October 17, Monday :

Gasland (documentary screening)

time : 20.OO
place: Fogashaz, Akacfa street 51

Gasland (Josh Fox, 2010)



Can you light your water on fire?

'It is happening all across America - rural landowners wake up one day to find a lucrative offer from an energy company wanting to lease their property. Reason?
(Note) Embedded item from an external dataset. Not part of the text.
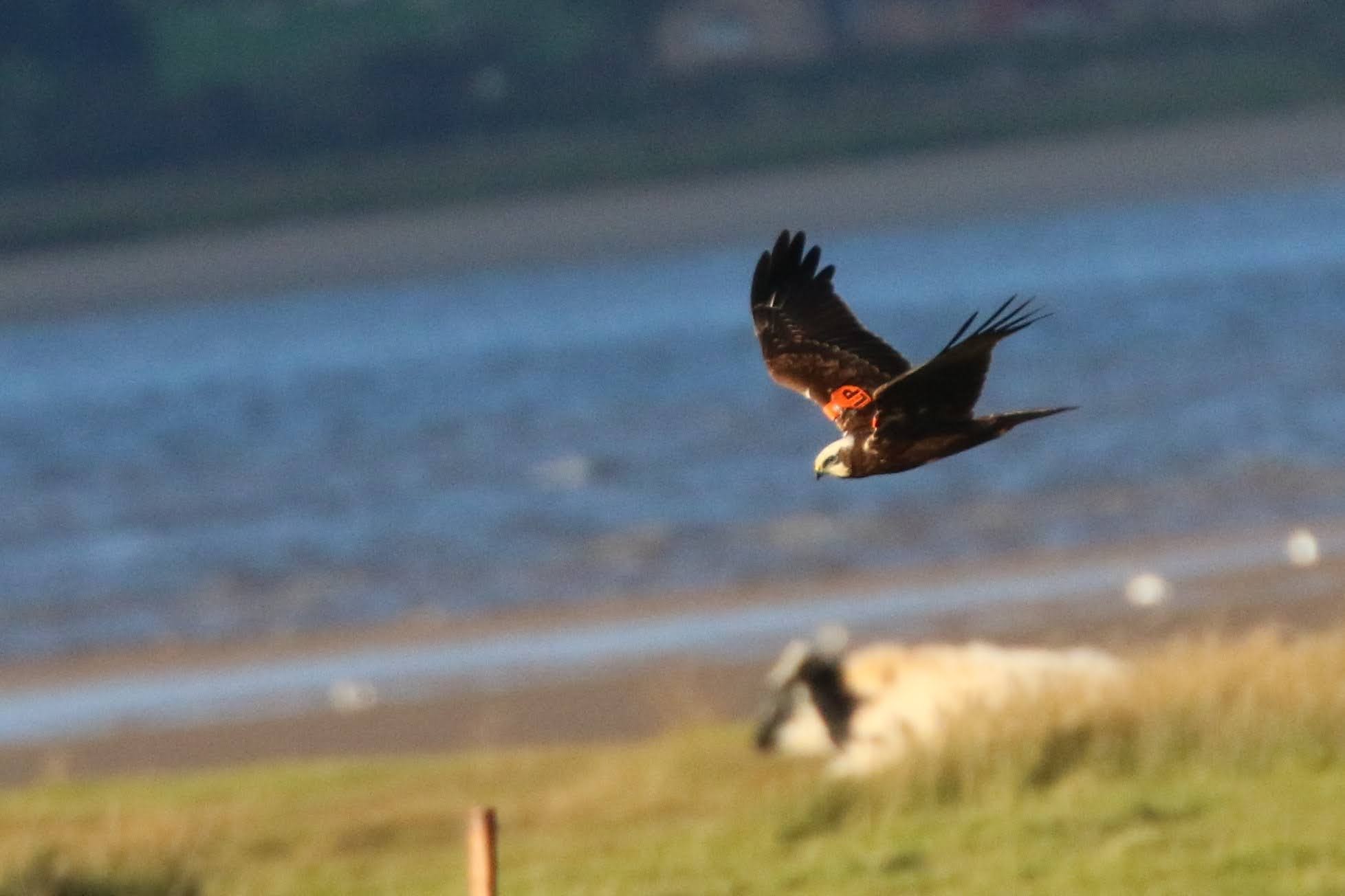 FJ50514 Tagged Orange LP seen 10 October 2020 Bowness-on-Solway, Cumbria, UK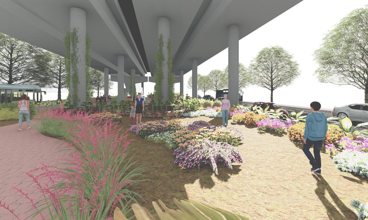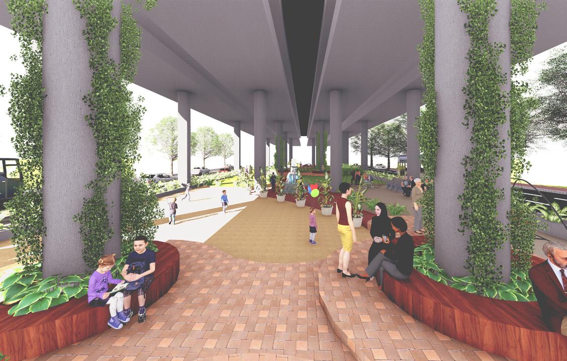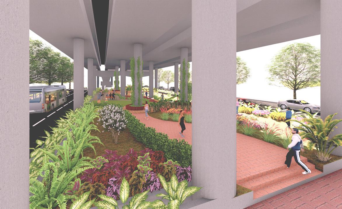 The unused space under flyover in the middle of the city has to be designed to attract people in the neighbourhood and make it lively area. The main challenge was to cut the site from air and sound pollution from adjacent highway. I have used plants which grows in minimum sunlight and high pollution to create a beautiful garden which will attract users from all age groups.(e.g. Bougainvillea, Peace Lilly, Crotons, etc.)

The company hopes to tap into a reservoir dubbed the "Saudi Arabia of natural gas." Halliburton developed a way to get the gas out of the ground-a hydraulic drilling process called "fracking"...' /

A powerful reminder that the USA not only exploits other countries, peoples and parts of the world to keep its unsustainable economy afloat, but its own citizens too.
The technology shown in the film might just have some relevance to the recent earthquake on the east coast of the United States.
And yes, they do set tapwater on fire.



October 24 

First Earth-Uncompromising Ecological Architecture (documentary screening and discussion about anarchist architeture and anarchist urbanistics)

time : 20.OO
place: Fogashaz, Akacfa street 51




Fisrt Earth  (David Sheen, 2009, 87 min)

First Earthis a documentary about the movement towards a massive paradigm shift for shelter -- building healthy houses in the old ways, out of the very earth itself, and living together like in the old days, by recreating villages. It is a sprawling film, shot on location from the West Coast to West Africa. An audiovisual manifesto filmed over the course of 4 years and 4 continents, FIRST EARTH makes the case that earthen homes are the healthiest housing in the world; and that since it still takes a village to raise a healthy child, it is incumbent upon us to transform our suburban sprawl into eco-villages, a new North American dream.


October 31 


Anarchism and Anthropology (lecture by Fredie Schulze)

time : 20.OO
place: Fogashaz, Akacfa street 51

Anthropology is well suited not only to a study of humankind's anarchic potentials but also its anarchic
practices. David Graeber, perhaps the most renowned and one of the very few self-described anarchist
anthropologists, explains that it is precisely the anthropological opinion that no social form is inevitable
and all are fully contingent on circumstance, practice and meaning that puts anthropology in the unique
position to both find and explain anarchic social practice in diverse sociocultural milieus. Moreover,
social and cultural anthropology's long-held commitment to ethnographic fieldwork priviledges
an inductive (built-up) view of human organization that, by its own logical foundation, cannot
see the state as an durable and necessary pinnacle of complex political societies precisely because
the complexity of 'society' and 'politics' is itself a living negotiation of practices and agents whose
outcomes are only estimable but never determinable. Building from his research on labor radicalism
in Serbia, Northern Ireland, and China, Frederick Schulze emphasizes the close and necessary
relationship of anthropological studies and anarchist philosophy and activism.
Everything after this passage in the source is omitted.